◆ WORK TO COMPLETE
Return the lines of the data below, from the one containing "2큰술을 넣어 줍니다." through the very last, exactly and with both ends included; no pictures.

◆ SOURCE MATERIAL
=== Section Start ===

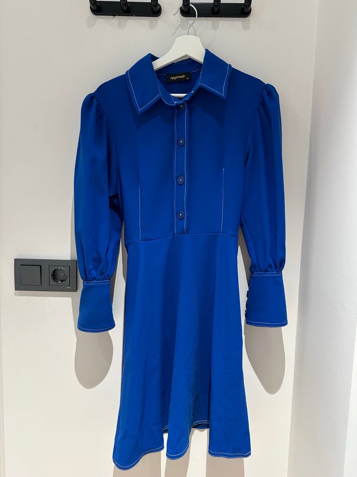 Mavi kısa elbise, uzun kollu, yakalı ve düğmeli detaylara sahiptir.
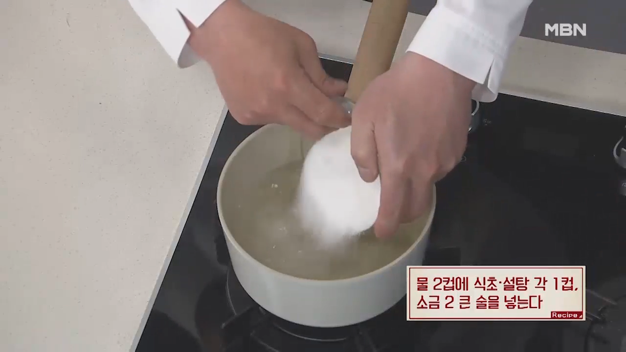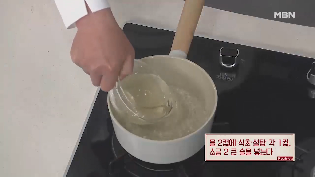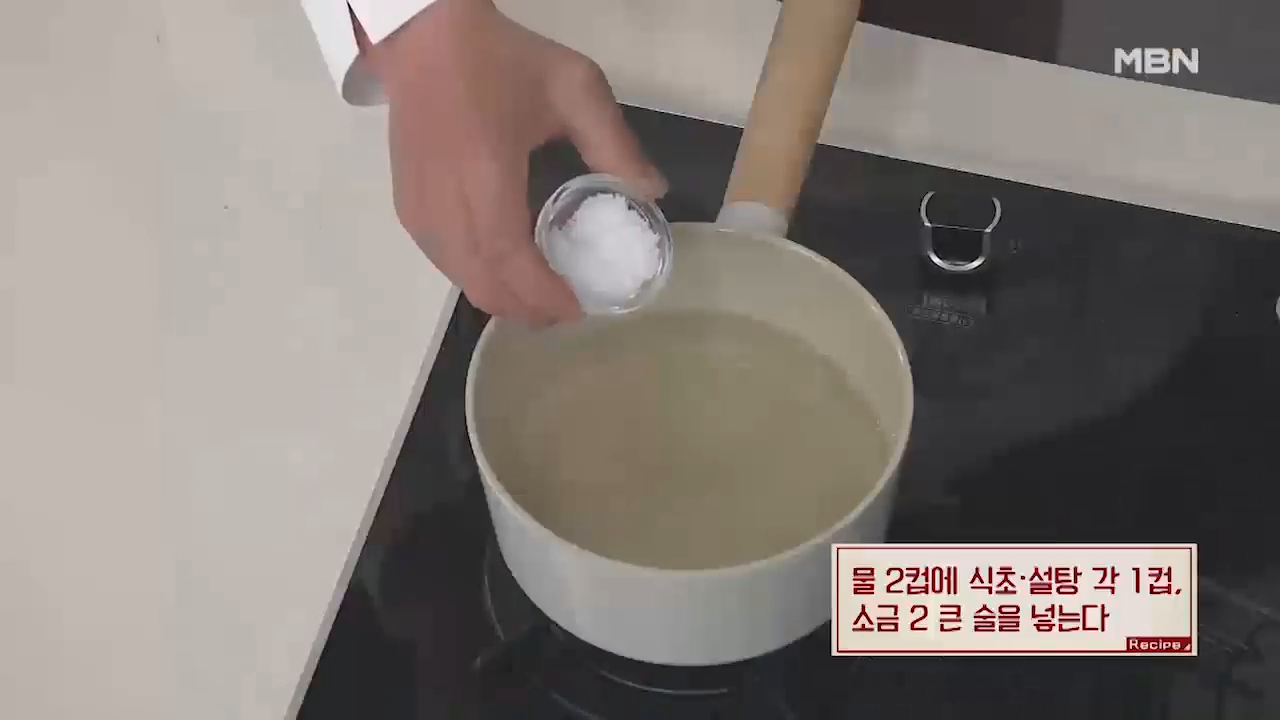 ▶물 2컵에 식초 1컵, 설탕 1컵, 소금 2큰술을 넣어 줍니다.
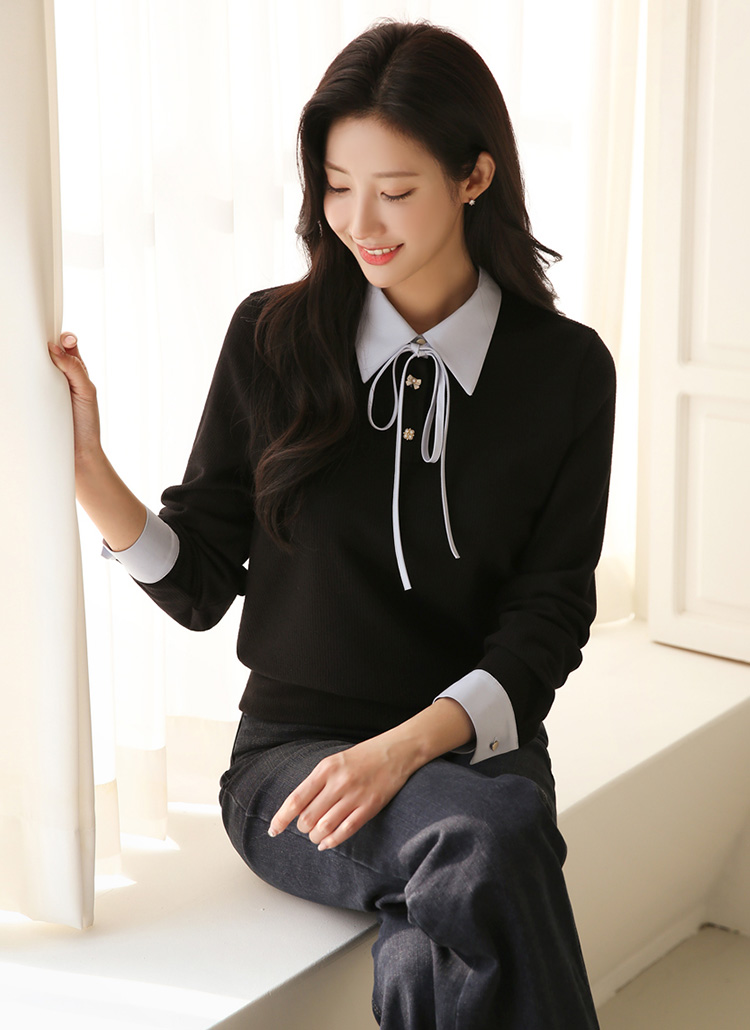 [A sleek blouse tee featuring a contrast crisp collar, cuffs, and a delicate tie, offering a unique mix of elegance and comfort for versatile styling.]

=== Section End ===

◆ RESPONSE TO THIS TASK
 ▶물 2컵에 식초 1컵, 설탕 1컵, 소금 2큰술을 넣어 줍니다.
 [A sleek blouse tee featuring a contrast crisp collar, cuffs, and a delicate tie, offering a unique mix of elegance and comfort for versatile styling.]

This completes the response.